**INSTRUCTIONS TO FOLLOW:**
Word for word, write out all the entries below, omitting every picture.

##############################

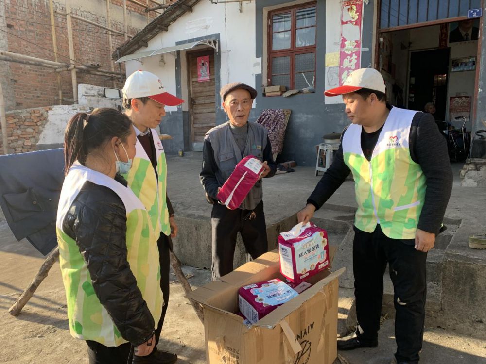 志愿者正在向残疾人家庭赠送轮椅、尿不湿等物资
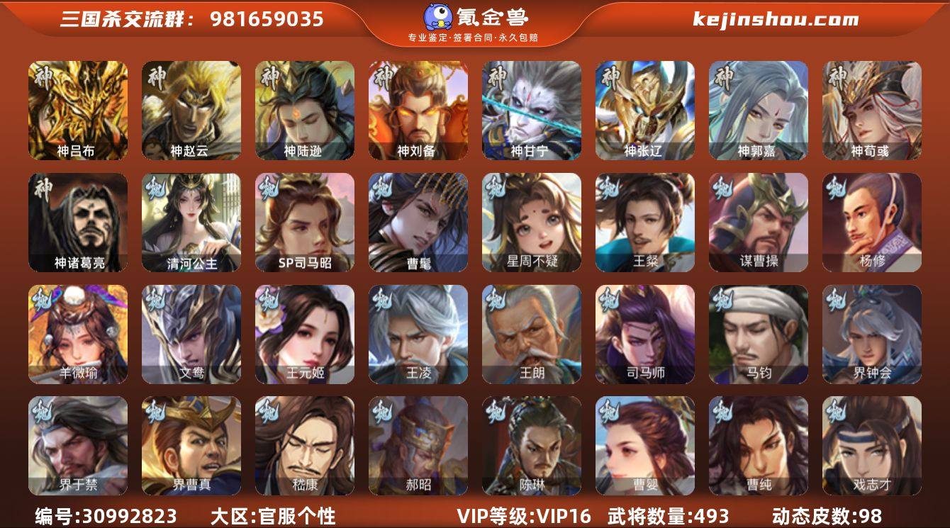 官阶:大将军;VIP等级:VIP16;史诗武将数量:95;动态皮肤数量:98;武将总数:493;史诗宝珠数量:26;将魂数量:50943;神将:11;魏国史诗武将:62;蜀国史诗武将:18;吴国史诗武将:12;群史诗武将:35
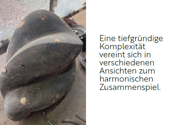 Die Suiten sind in verschiedene Sätze unterteilt: Präludium, Allemande, Courante, Sarabande und Gigue. Diese klare Struktur ermöglichte es Bach, spielerisch mit den Konventionen der Tanzmusik umzugehen und gleichzeitig eine tiefere emotionale Gewichtung in seine Kompositionen zu integrieren. Inspirierend für meine Skulptur vereinen sich die verschiedenen Ansichten zum komplexen harmonischen Zusammenspiel.
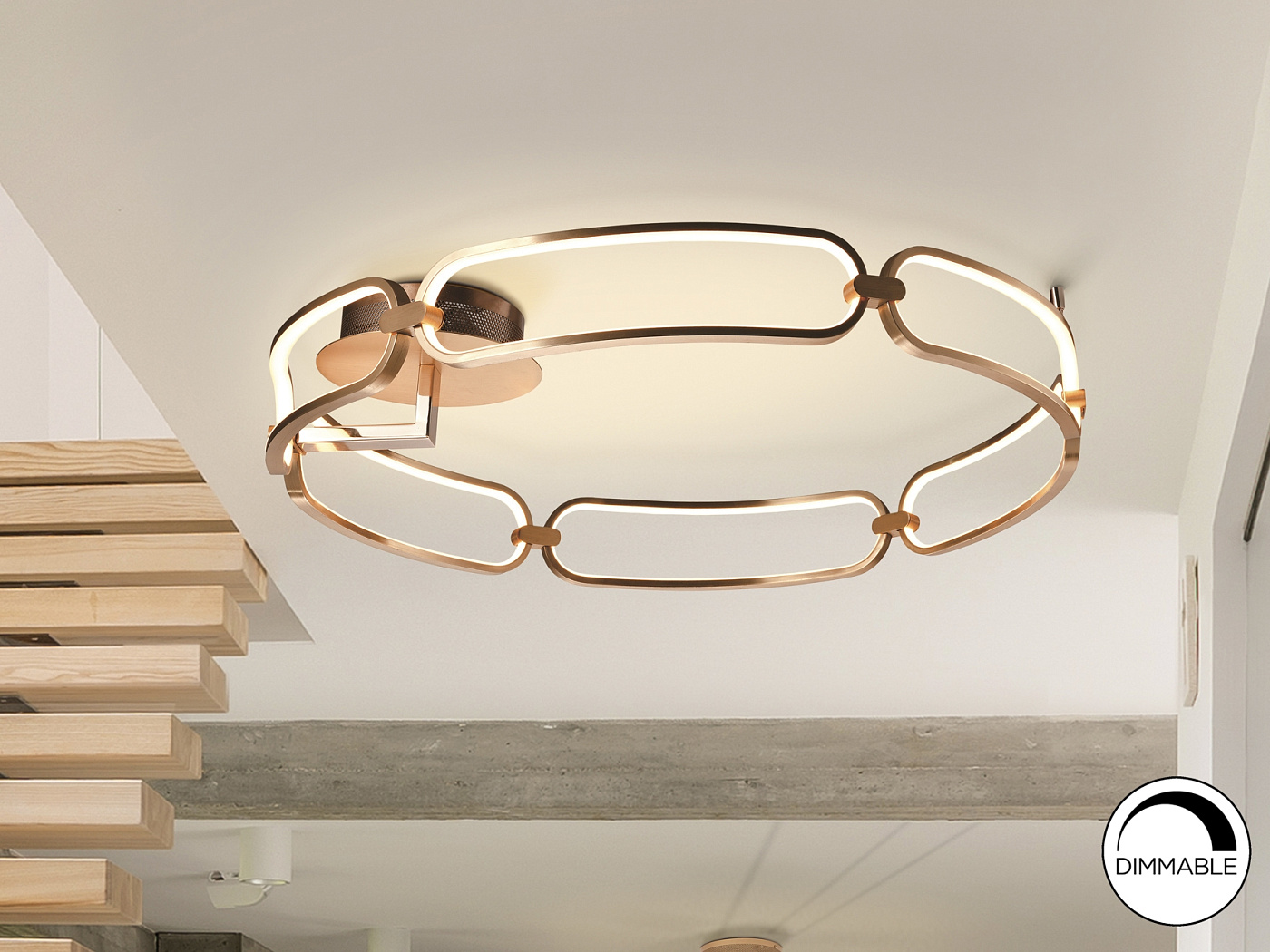 Потолочный светильник LED большого размера, из алюминия с матовым полированным золотистым покрытием. Силиконовые рассеиватели опалового цвета, 65W LED, 5850 Lm, 3000 K.
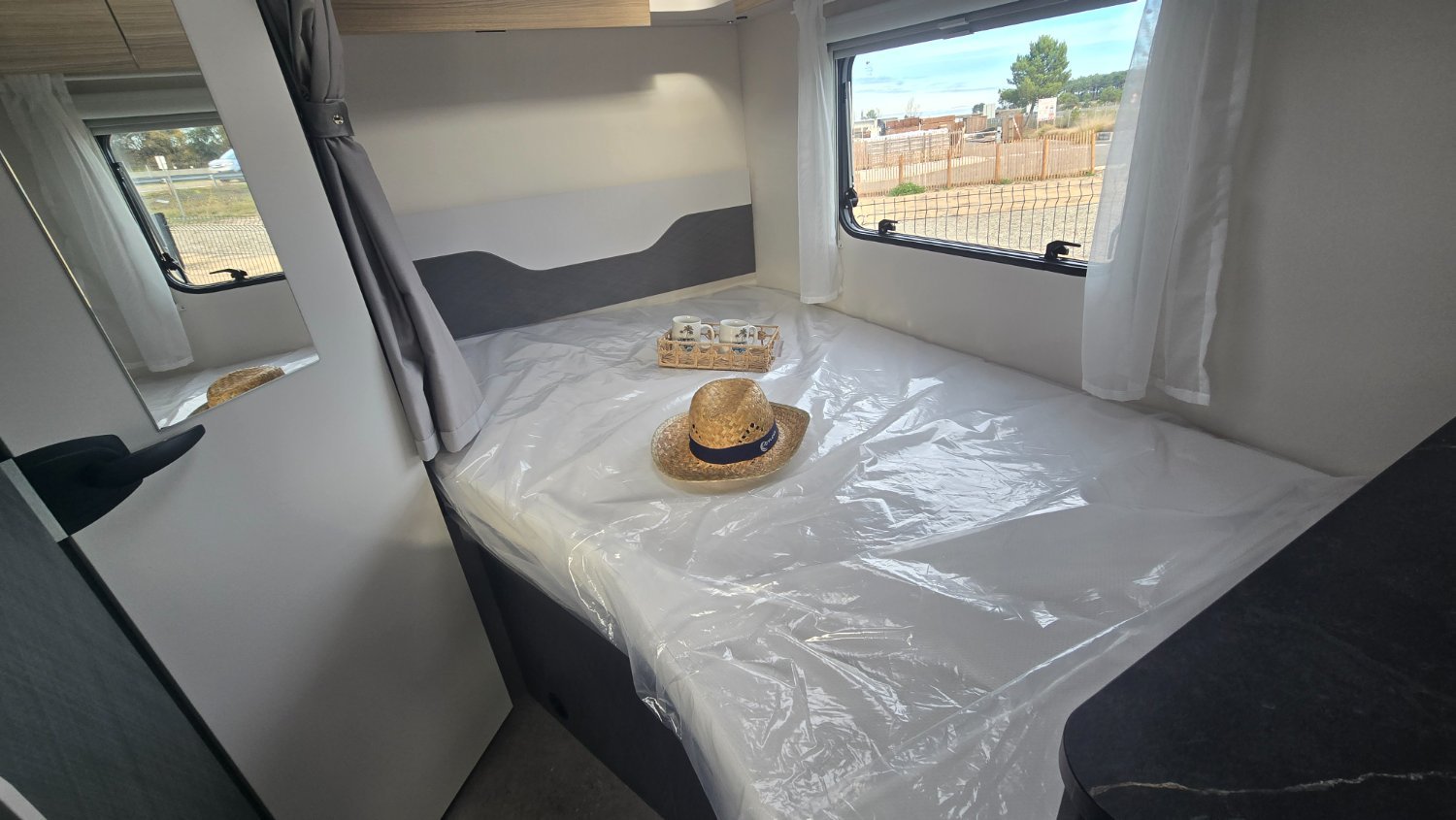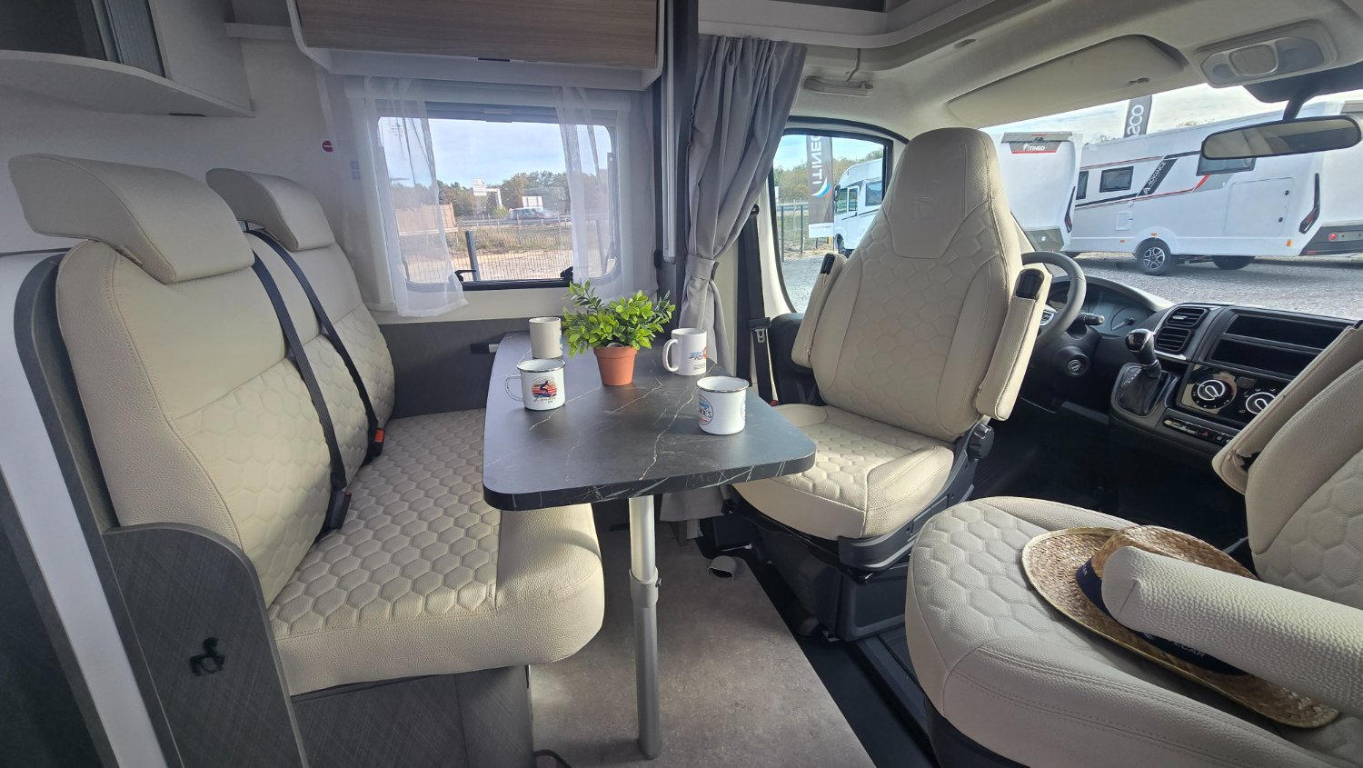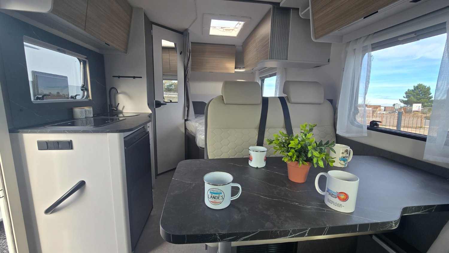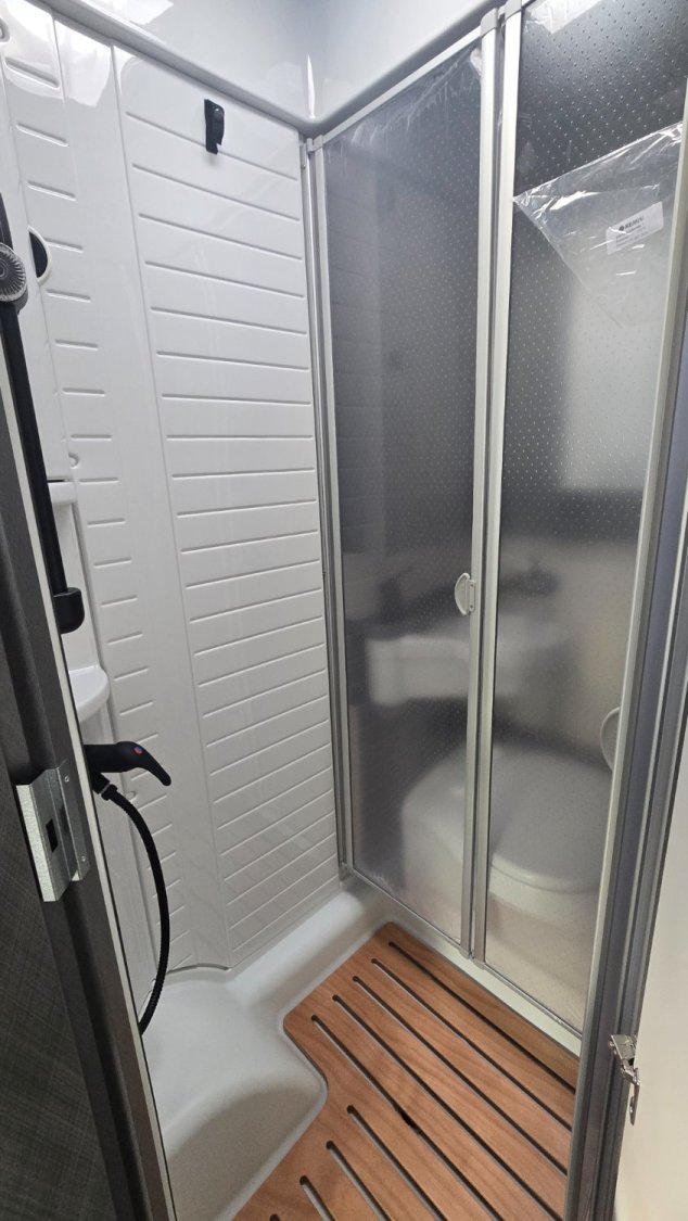 Ce profilé de 5.95 mètres signé ETRUSCO (groupe HYMER) , vous disposez un lit française, lit pavillon et une salle de bain avec douche séparée.

##############################

**ANSWER SPACE:**
 志愿者正在向残疾人家庭赠送轮椅、尿不湿等物资
 官阶:大将军;VIP等级:VIP16;史诗武将数量:95;动态皮肤数量:98;武将总数:493;史诗宝珠数量:26;将魂数量:50943;神将:11;魏国史诗武将:62;蜀国史诗武将:18;吴国史诗武将:12;群史诗武将:35
 Die Suiten sind in verschiedene Sätze unterteilt: Präludium, Allemande, Courante, Sarabande und Gigue. Diese klare Struktur ermöglichte es Bach, spielerisch mit den Konventionen der Tanzmusik umzugehen und gleichzeitig eine tiefere emotionale Gewichtung in seine Kompositionen zu integrieren. Inspirierend für meine Skulptur vereinen sich die verschiedenen Ansichten zum komplexen harmonischen Zusammenspiel.
 Потолочный светильник LED большого размера, из алюминия с матовым полированным золотистым покрытием. Силиконовые рассеиватели опалового цвета, 65W LED, 5850 Lm, 3000 K.
 Ce profilé de 5.95 mètres signé ETRUSCO (groupe HYMER) , vous disposez un lit française, lit pavillon et une salle de bain avec douche séparée.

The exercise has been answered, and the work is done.